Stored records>
((

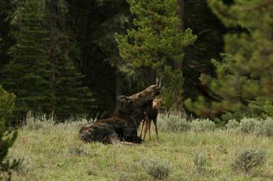 Keywords: moose cow calf wildlife animals nature portrait relaxing grazing mother baby mammals outdoors wild
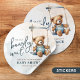 Adicione um toque doce e pessoal aos seus favores, envelopes ou decoração do chá de fraldas com este adesivo redondo clássico "We Can Barly Wait" com um adorável ursinho de pelúcia aquosa em macacões azuis, que balançam debaixo de uma terra verde. Perfeito para um bebê ou chá de fraldas neutro em relação ao gênero, este design adesivo é ideal para selar envelopes de convite, decorar favoritos para festas ou adicionar charme a obrigados. Personalize com o nome do bebê e a data do chá usando as ferramentas fáceis de edição do Zazzle.
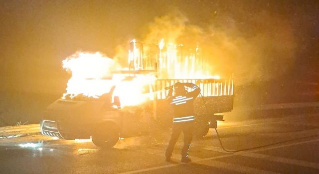 Olay, Kuşadası Söke yolu üzerinde meydana geldi. Edinilen bilgiye göre Söke istikametine giden pencere malzemeleri yüklü bir kamyonet, seyir halindeyken birden yanmaya başladı. Yangını fark eden araç sürücüsü, aracını yolun sağına çekerek durumu 112 Acil Çağrı Merkezi’ne bildirdi. Motor bölümünde başlayan yangın kısa sürede kamyoneti sardı. İhbar üzerine bölgeye Aydın Büyükşehir Belediyesi İtfaiye Daire Başkanlığı ekipleri sevk edildi. Kısa sürede bölgeye gelen itfaiye ekipleri, alev topuna dönen aracı söndürmek için yoğun çaba sarf etti. Ekiplerin müdahalesi ile alevler söndürülürken, yangında kamyonet kullanılmaz hale geldi. Kamyonet içerisinde bulunan şoför ve yolcu konumundaki vatandaşlar şans eseri yara almazken, olay ile ilgili inceleme başlatıldı. (iHA)
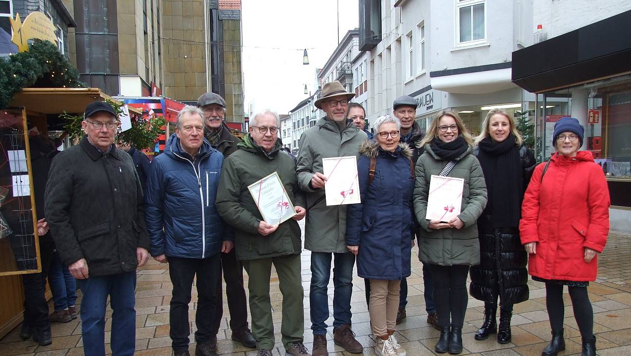 Die Preisträger stellten sich mit Jurymitgliedern zu einem Foto in die Lübbecker Fußgängerzone. Das Foto zeigt (v.l.) Friedhelm Bartling, Werne Klusmeier, Ged Husmeyer, Klaus Bernotat, Helmut Öwermann, Susanne Öwermann-Röding, Peter Schmüser, Anne Nentwich, Frank Haberbsch, Daniela Beckemann-Beihl und Erika Müller. | © Karsten Schulz
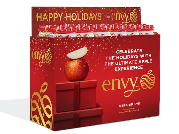 At retail, Envy™ apples are offered in special holiday 2-lb bags with holiday themed display bins. Additional merry and eye-catching point of sale material is also available. Flores Paez noted “as the spirit of Christmas grows during this important shopping period, so too the opportunity to connect with shoppers in relevant and meaningful ways, which is the purpose of this comprehensive Envy™ holiday activation.”
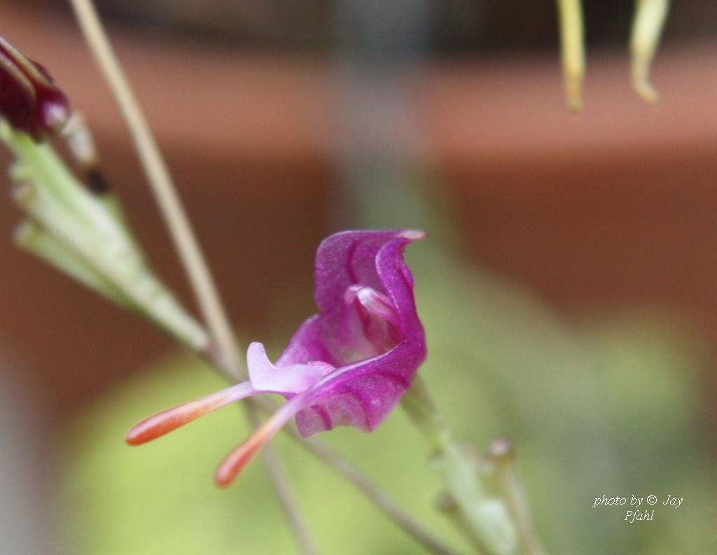 The small bright pink flowers are produced in succession for quite a number of months on a thin, 3.6 to 4" [9 to 10 cm] long, wiry inflorescence that carries a single flower held well above the net veined, dark green leaves, stippled with purple on the back. It grows best in cool climates.
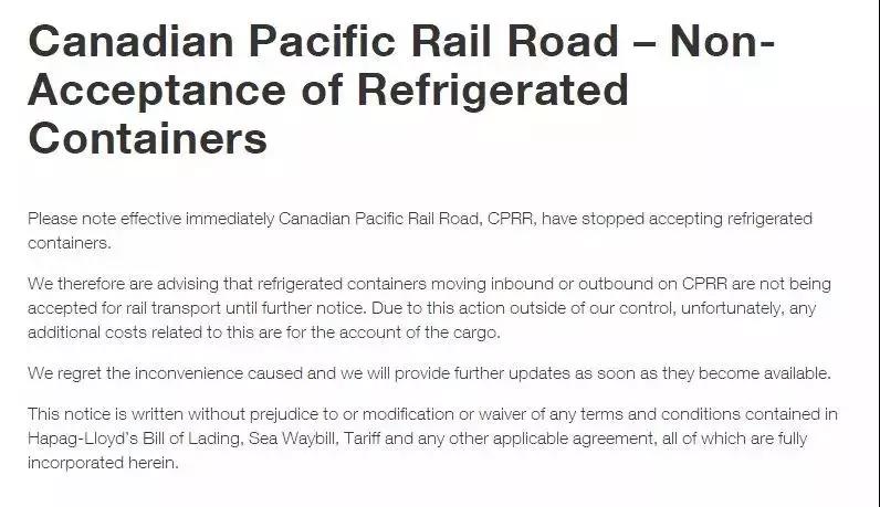 據(jù)悉,近日加拿大太平洋鐵路有限公司(CPRR)宣布,從即刻起不再接受冷藏集裝箱! 外貿(mào)貨代企業(yè)需特別注意,入站或出站的冷藏集裝箱在CPRR都將不能再用鐵路運(yùn)輸了。 從Hapag-Lloyd 官方發(fā)出停收去往...
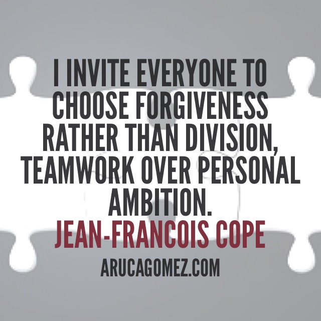«Invito a todo el mundo a elegir perdón antes que división y trabajo en equipo antes que ambición personal.»
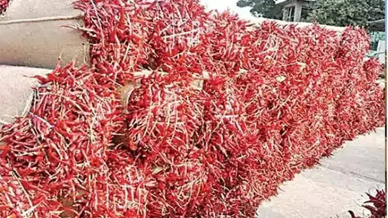 The indigenous ‘Desi’ variety touched a three-year high of Rs 41,200 per quintal on Tuesday, while ‘Yellow Chilli’ fetched up to Rs 44,000 per quintal. Market officials said such rates had not been recorded in the last three to four years.

))

What needs to be done> With the pictures removed, print only the lines starting at the line that has "At retail, Envy™" and ending at the line that has "todo el mundo", both ends included, exactly as they stand above.

Result below>
 At retail, Envy™ apples are offered in special holiday 2-lb bags with holiday themed display bins. Additional merry and eye-catching point of sale material is also available. Flores Paez noted “as the spirit of Christmas grows during this important shopping period, so too the opportunity to connect with shoppers in relevant and meaningful ways, which is the purpose of this comprehensive Envy™ holiday activation.”
 The small bright pink flowers are produced in succession for quite a number of months on a thin, 3.6 to 4" [9 to 10 cm] long, wiry inflorescence that carries a single flower held well above the net veined, dark green leaves, stippled with purple on the back. It grows best in cool climates.
 據(jù)悉,近日加拿大太平洋鐵路有限公司(CPRR)宣布,從即刻起不再接受冷藏集裝箱! 外貿(mào)貨代企業(yè)需特別注意,入站或出站的冷藏集裝箱在CPRR都將不能再用鐵路運(yùn)輸了。 從Hapag-Lloyd 官方發(fā)出停收去往...
«Invito a todo el mundo a elegir perdón antes que división y trabajo en equipo antes que ambición personal.»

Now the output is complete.